In March 2019 NVIDIA released the Jetson Nano, a $99 GPU embedded micro-computer. I have several and have even distributed them to some brilliant youth to see what they come up with. I’ve noticed a couple things about the Nano’s that could have very interesting results on how we process data in organizations and smart cities. Let’s take a look.

The first thing I’ve noticed, Stratodesk has blogged about using Nano’s as thin client systems for VDI with good graphics capabilities (the Nano’s GPU contributing to that). This improves the user experience while keeping cost for desktop endpoints relatively low. Imagine hundreds of Nano thin clients through out the cubes of an organization… End users are getting a great graphics experience at a pretty economical price. Cube’s everywhere are glowing green with Jetson Nano’s as users monitors power up…

In most organizations GPU powered thin clients (or any thin clients for that matter) are used for about 8 hours a day (when users are in the office) and the rest of the time they sit idle, not delivering value to the organization. They may be on or off, just sitting there idling waiting till the next work day roles around to add value to the organization.

Pie chart showing that a thin client is only used 33% of the time and the rest of the time sits idle.

The second thing I’ve noticed, at GTC Silicon Valley 2018 Liqid presented session s8539 on pooling and orchestrating NVIDIA Jetson for AI and deep learning on the edge. Essentially being able to take NVIDIA Jetson’s and compose them on a high speed network in a single chassis as single unified system. You could have up to 24 Jetson’s composed as a single platform, running in your data center.

Interestingly enough, after doing some digging, this also includes the Jetson Nano as one of the Jetson types that could be composed. That creates a pretty spiffy AI/DL platform for the data center or remote location. Pop it in a rack, use the data center cooling and power, to start cranking on those ever vexing business questions (like figuring out who’s the masked singer).

Independently these are very cool options both of which can take advantage of the Jetson Nano. At this point queue the WonderNerd, and his hair brained ideas. Why not bring them together and do a little cube farming IT style? I bounced the idea of composing thin clients into a processing system off of someone I know at Liqid to see if it had wings and well lets start putting the idea together and see what you think.

24 cubes, most idle, which could be brought together as a composeable resource.
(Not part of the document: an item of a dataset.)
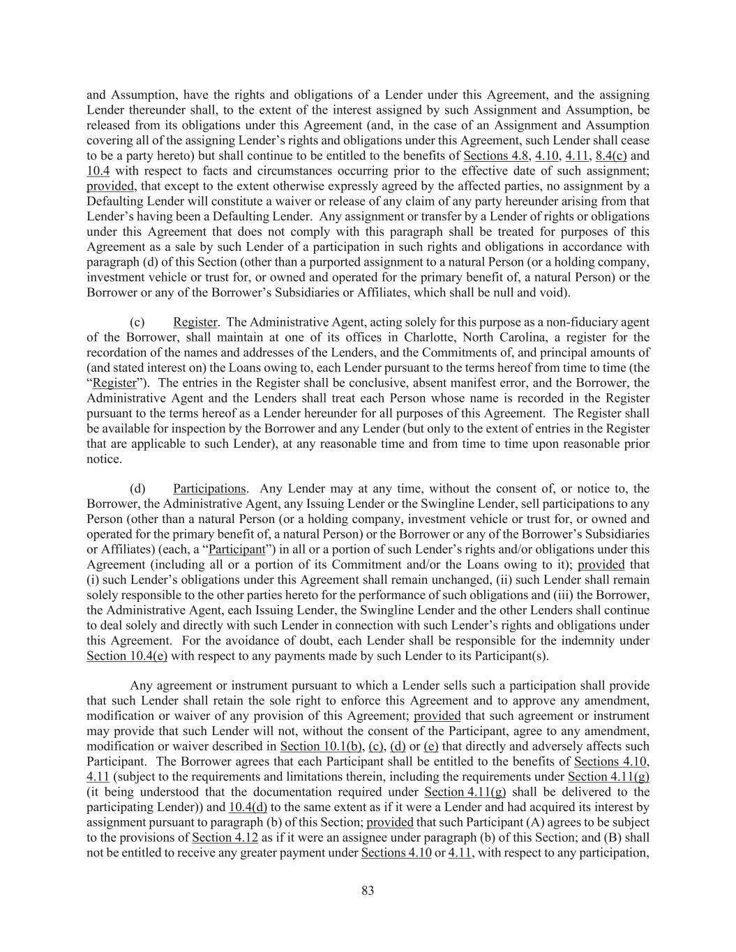 83 and Assumption, have the rights and obligations of a Lender under this Agreement, and the assigning Lender thereunder shall, to the extent of the interest assigned by such Assignment and Assumption, be released from its obligations under this Agreement (and, in the case of an Assignment and Assumption covering all of the assigning Lender’s rights and obligations under this Agreement, such Lender shall cease to be a party hereto) but shall continue to be entitled to the benefits of Sections 4.8, 4.10, 4.11, 8.4(c) and 10.4 with respect to facts and circumstances occurring prior to the effective date of such assignment; provided, that except to the extent otherwise expressly agreed by the affected parties, no assignment by a Defaulting Lender will constitute a waiver or release of any claim of any party hereunder arising from that Lender’s having been a Defaulting Lender. Any assignment or transfer by a Lender of rights or obligations under this Agreement that does not comply with this paragraph shall be treated for purposes of this Agreement as a sale by such Lender of a participation in such rights and obligations in accordance with paragraph (d) of this Section (other than a purported assignment to a natural Person (or a holding company, investment vehicle or trust for, or owned and operated for the primary benefit of, a natural Person) or the Borrower or any of the Borrower’s Subsidiaries or Affiliates, which shall be null and void). (c) Register. The Administrative Agent, acting solely for this purpose as a non-fiduciary agent of the Borrower, shall maintain at one of its offices in Charlotte, North Carolina, a register for the recordation of the names and addresses of the Lenders, and the Commitments of, and principal amounts of (and stated interest on) the Loans owing to, each Lender pursuant to the terms hereof from time to time (the “Register”). The entries in the Register shall be conclusive, absent manifest error, and the Borrower, the Administrative Agent and the Lenders shall treat each Person whose name is recorded in the Register pursuant to the terms hereof as a Lender hereunder for all purposes of this Agreement. The Register shall be available for inspection by the Borrower and any Lender (but only to the extent of entries in the Register that are applicable to such Lender), at any reasonable time and from time to time upon reasonable prior notice. (d) Participations. Any Lender may at any time, without the consent of, or notice to, the Borrower, the Administrative Agent, any Issuing Lender or the Swingline Lender, sell participations to any Person (other than a natural Person (or a holding company, investment vehicle or trust for, or owned and operated for the primary benefit of, a natural Person) or the Borrower or any of the Borrower’s Subsidiaries or Affiliates) (each, a “Participant”) in all or a portion of such Lender’s rights and/or obligations under this Agreement (including all or a portion of its Commitment and/or the Loans owing to it); provided that (i) such Lender’s obligations under this Agreement shall remain unchanged, (ii) such Lender shall remain solely responsible to the other parties hereto for the performance of such obligations and (iii) the Borrower, the Administrative Agent, each Issuing Lender, the Swingline Lender and the other Lenders shall continue to deal solely and directly with such Lender in connection with such Lender’s rights and obligations under this Agreement. For the avoidance of doubt, each Lender shall be responsible for the indemnity under Section 10.4(e) with respect to any payments made by such Lender to its Participant(s). Any agreement or instrument pursuant to which a Lender sells such a participation shall provide that such Lender shall retain the sole right to enforce this Agreement and to approve any amendment, modification or waiver of any provision of this Agreement; provided that such agreement or instrument may provide that such Lender will not, without the consent of the Participant, agree to any amendment, modification or waiver described in Section 10.1(b), (c), (d) or (e) that directly and adversely affects such Participant. The Borrower agrees that each Participant shall be entitled to the benefits of Sections 4.10, 4.11 (subject to the requirements and limitations therein, including the requirements under Section 4.11(g) (it being understood that the documentation required under Section 4.11(g) shall be delivered to the participating Lender)) and 10.4(d) to the same extent as if it were a Lender and had acquired its interest by assignment pursuant to paragraph (b) of this Section; provided that such Participant (A) agrees to be subject to the provisions of Section 4.12 as if it were an assignee under paragraph (b) of this Section; and (B) shall not be entitled to receive any greater payment under Sections 4.10 or 4.11, with respect to any participation,

The basic idea is (stop me if you’ve heard this VDI by day concept) that we have a bunch of endpoints with NVIDIA GPUs (like Jetson Nano’s) spread through the cubes of an organization. During the day they provide a VDI endpoints to users. When the users go home for the day and the endpoints are sitting idle, we recompose them and turn them into a grid based computing platform (don’t confuse this with NVIDIA GRID, that’s virtualizing GPUs, we are aggregating them). It’s a concept similar to VDI by day and compute by night, only this is end point by day and compute by night.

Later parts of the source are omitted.